True. I thought the slice references would be made at ExecNode creation. Nil check seems to perform better than the len check, but still lags behind no-check.
Nil check:
neil.huang@NeilsMacbookPro:~/source/couchbase/godeps/src/github.com/couchbase/gojsonsm$ go test -bench=.
goos: darwin
goarch: amd64
pkg: github.com/couchbase/gojsonsm
BenchmarkBinTree-8 20000000 67.0 ns/op
BenchmarkParseString-8 100000000 10.5 ns/op
BenchmarkParseBigString-8 100000000 10.4 ns/op
BenchmarkParseEscString-8 30000000 49.6 ns/op
BenchmarkParseBigEscString-8 10000000 163 ns/op
BenchmarkParseInteger-8 100000000 11.1 ns/op
BenchmarkParseNumber-8 30000000 47.0 ns/op
BenchmarkParseNull-8 200000000 7.14 ns/op
BenchmarkParseTrue-8 200000000 7.08 ns/op
BenchmarkParseFalse-8 200000000 8.09 ns/op
BenchmarkTokenize-8 30000 47012 ns/op 332.38 MB/s
PASS
ok github.com/couchbase/gojsonsm 18.131s
No check:
neil.huang@NeilsMacbookPro:~/source/couchbase/godeps/src/github.com/couchbase/gojsonsm$ go test -bench=.
goos: darwin
goarch: amd64
pkg: github.com/couchbase/gojsonsm
BenchmarkBinTree-8 20000000 68.5 ns/op
BenchmarkParseString-8 100000000 10.8 ns/op
BenchmarkParseBigString-8 100000000 10.7 ns/op
BenchmarkParseEscString-8 20000000 51.4 ns/op
BenchmarkParseBigEscString-8 10000000 167 ns/op
BenchmarkParseInteger-8 100000000 11.7 ns/op
BenchmarkParseNumber-8 30000000 45.8 ns/op
BenchmarkParseNull-8 200000000 7.00 ns/op
BenchmarkParseTrue-8 200000000 6.99 ns/op
BenchmarkParseFalse-8 200000000 8.09 ns/op
BenchmarkTokenize-8 30000 42739 ns/op 365.61 MB/s
PASS
ok github.com/couchbase/gojsonsm 17.589s
It's very odd... can't think of anything that causes this...
Very odd indeed... Can you show me the code?

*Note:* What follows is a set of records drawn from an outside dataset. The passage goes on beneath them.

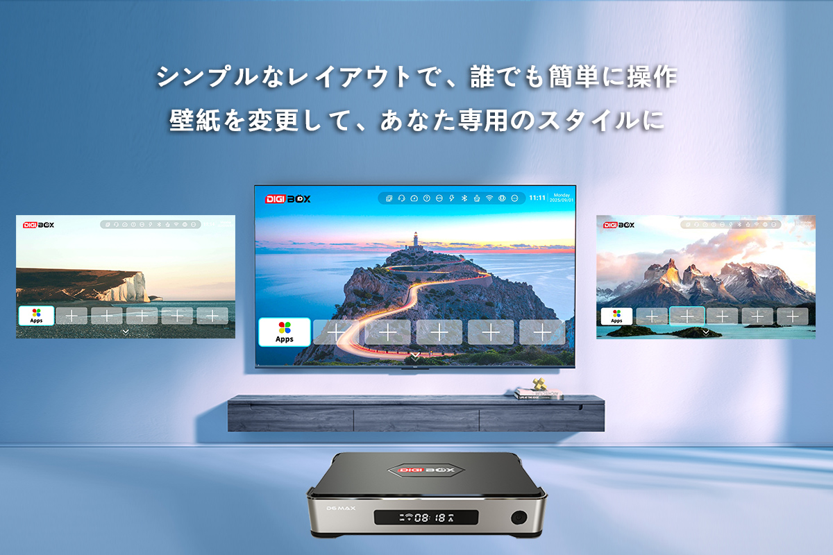 ▶️ ️DIGIBox D6 Maxは直感的なレイアウトを採用し、誰でも簡単に操作してカスタマイズできます。壁紙も簡単に変更できるので、自分だけのデバイスに。パワフルなパフォーマンスとユーザーフレンドリーなデザインで、シームレスでカスタマイズされた視聴体験をお楽しみください。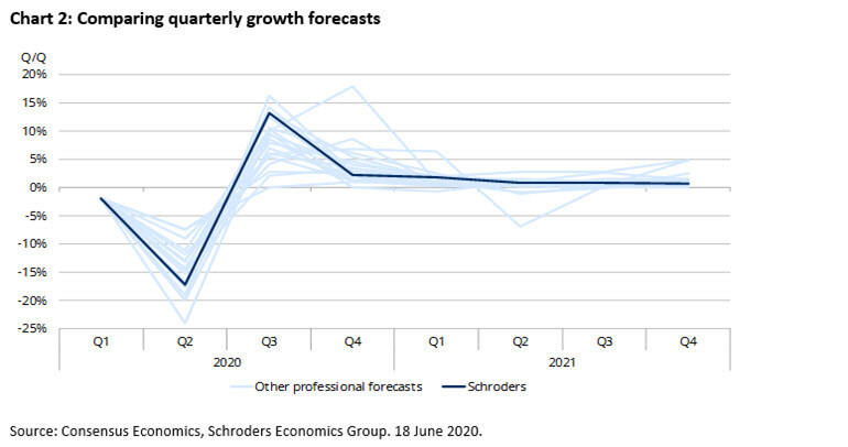 Apart from one organisation, the remaining forecasters agree that the level of GDP will not rebound back to its previous level by the end of 2021. Our forecast is slightly below the consensus for 2021 GDP growth.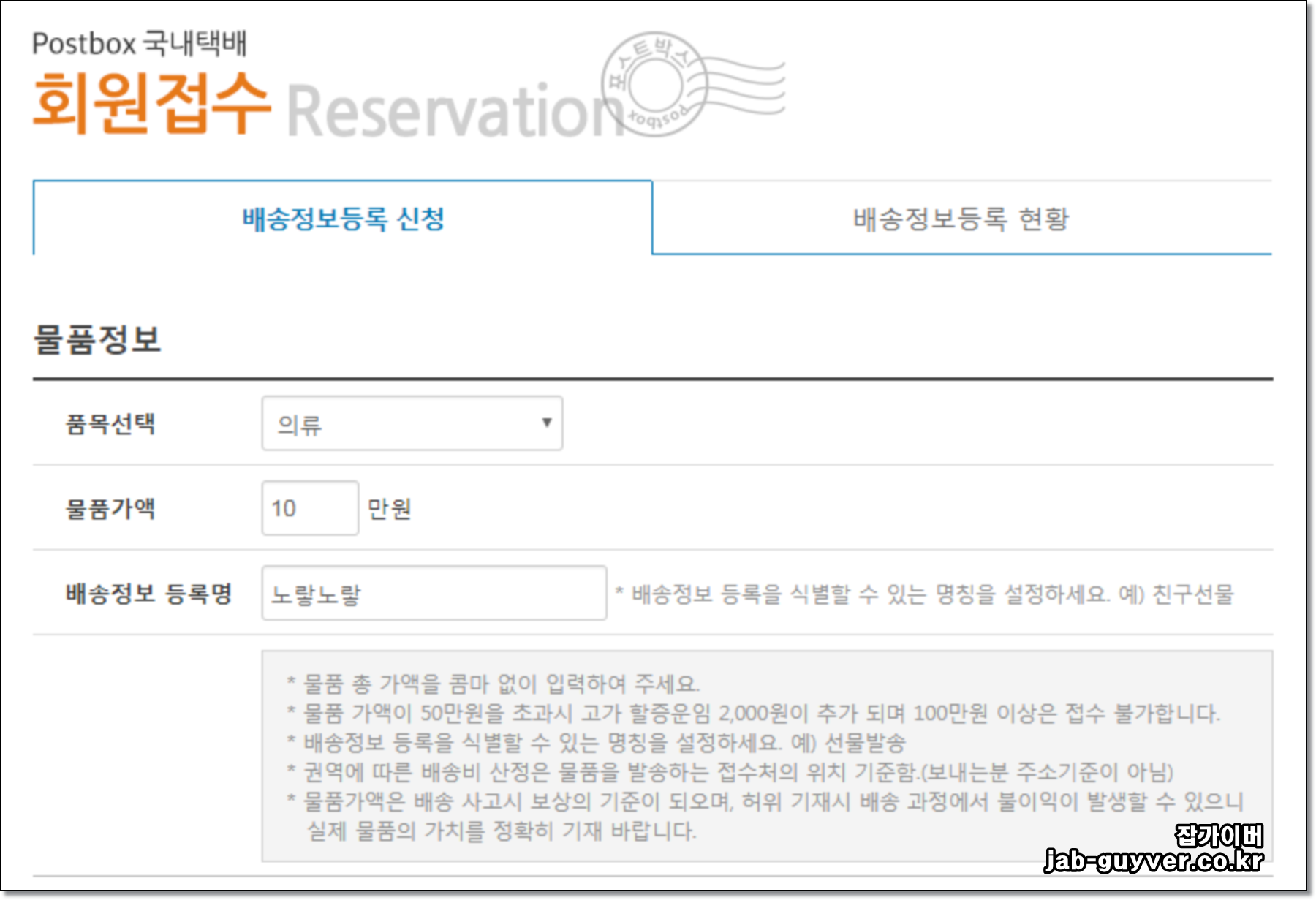 포스트박스 사이트에서 배송정보 등록 메뉴를 찾는 화면 예시입니다.

All I did was wrap the code in question around
if node.Ops != nil
neil.huang@NeilsMacbookPro:~/source/couchbase/godeps/src/github.com/couchbase/gojsonsm$ git diff
diff --git a/fastMatcher.go b/fastMatcher.go
index 9feeff4..6e22e5e 100644
--- a/fastMatcher.go
+++ b/fastMatcher.go
@@ -568,15 +568,17 @@ func (m *FastMatcher) matchExec(token tokenType, tokenData []byte, tokenDataLen
}
objEndPos := m.tokens.Position()
- objFastVal := NewObjectFastVal(m.tokens.data[objStartPos:objEndPos])
- for _, op := range node.Ops {
- err := m.matchOp(&op, &objFastVal)
- if err != nil {
- return err
- }
+ if node.Ops != nil {
+ objFastVal := NewObjectFastVal(m.tokens.data[objStartPos:objEndPos])

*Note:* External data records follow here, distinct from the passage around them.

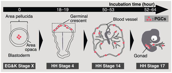 Around HH stage 6 (chick embryos in eggs incubated for 23–25 h), aggregations of endothelial cell progenitors and blood cell progenitors, called blood islands, appear in the extraembryonic mesoderm [37]. Murai et al. demonstrated that more than 60% of quail PGCs in an embryo were enveloped by differentiating endothelial cells forming blood islands in the germinal crescent [38]. Then, the PGCs flowed along with the heartbeat at HH stage 12 (after 48–49 h of incubation). This indicates that most avian PGCs were passively translocated into the vascular system.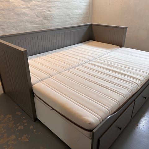 IKEA HEMNES seng med skuffer i hvid. Kan trækkes ud tii dobbelt soveplads. Fra røgfrit hjem. Sælges uden madrasser. Fejler intet, men med brugsspor.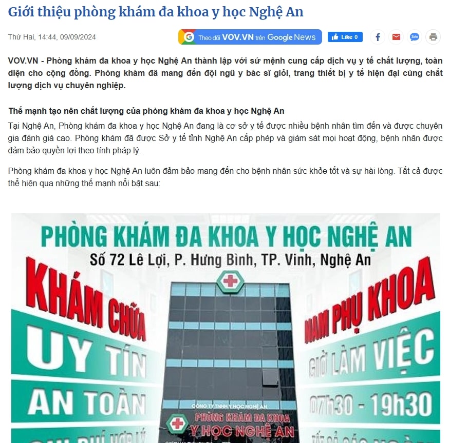 Báo VOV.vn giới thiệu về những thế mạnh của phòng khám đa khoa Y học Nghệ An

+ for _, op := range node.Ops {
+ err := m.matchOp(&op, &objFastVal)
+ if err != nil {
+ return err
+ }
- if m.buckets.IsResolved(0) {
- return nil
+ if m.buckets.IsResolved(0) {
+ return nil
+ }
}
}
} else if token == tknArrayStart {
@@ -620,15 +622,17 @@ func (m *FastMatcher) matchExec(token tokenType, tokenData []byte, tokenDataLen
}
arrayEndPos := m.tokens.Position()
- arrayFastVal := NewArrayFastVal(m.tokens.data[arrayStartPos:arrayEndPos])
- for _, op := range node.Ops {
- err := m.matchOp(&op, &arrayFastVal)
- if err != nil {
- return err
- }
+ if node.Ops != nil {
+ arrayFastVal := NewArrayFastVal(m.tokens.data[arrayStartPos:arrayEndPos])
+ for _, op := range node.Ops {
+ err := m.matchOp(&op, &arrayFastVal)
+ if err != nil {
+ return err
+ }
- if m.buckets.IsResolved(0) {
- return nil
+ if m.buckets.IsResolved(0) {
+ return nil
+ }
}
}
} else {
ping @brett19
The problem is that when we're iterating through, we lose track of the key of an array or key of an object, so any distinct op nodes on that key were never executed. The proposed solution address this specific scenario and leaves the others untouched (I believe).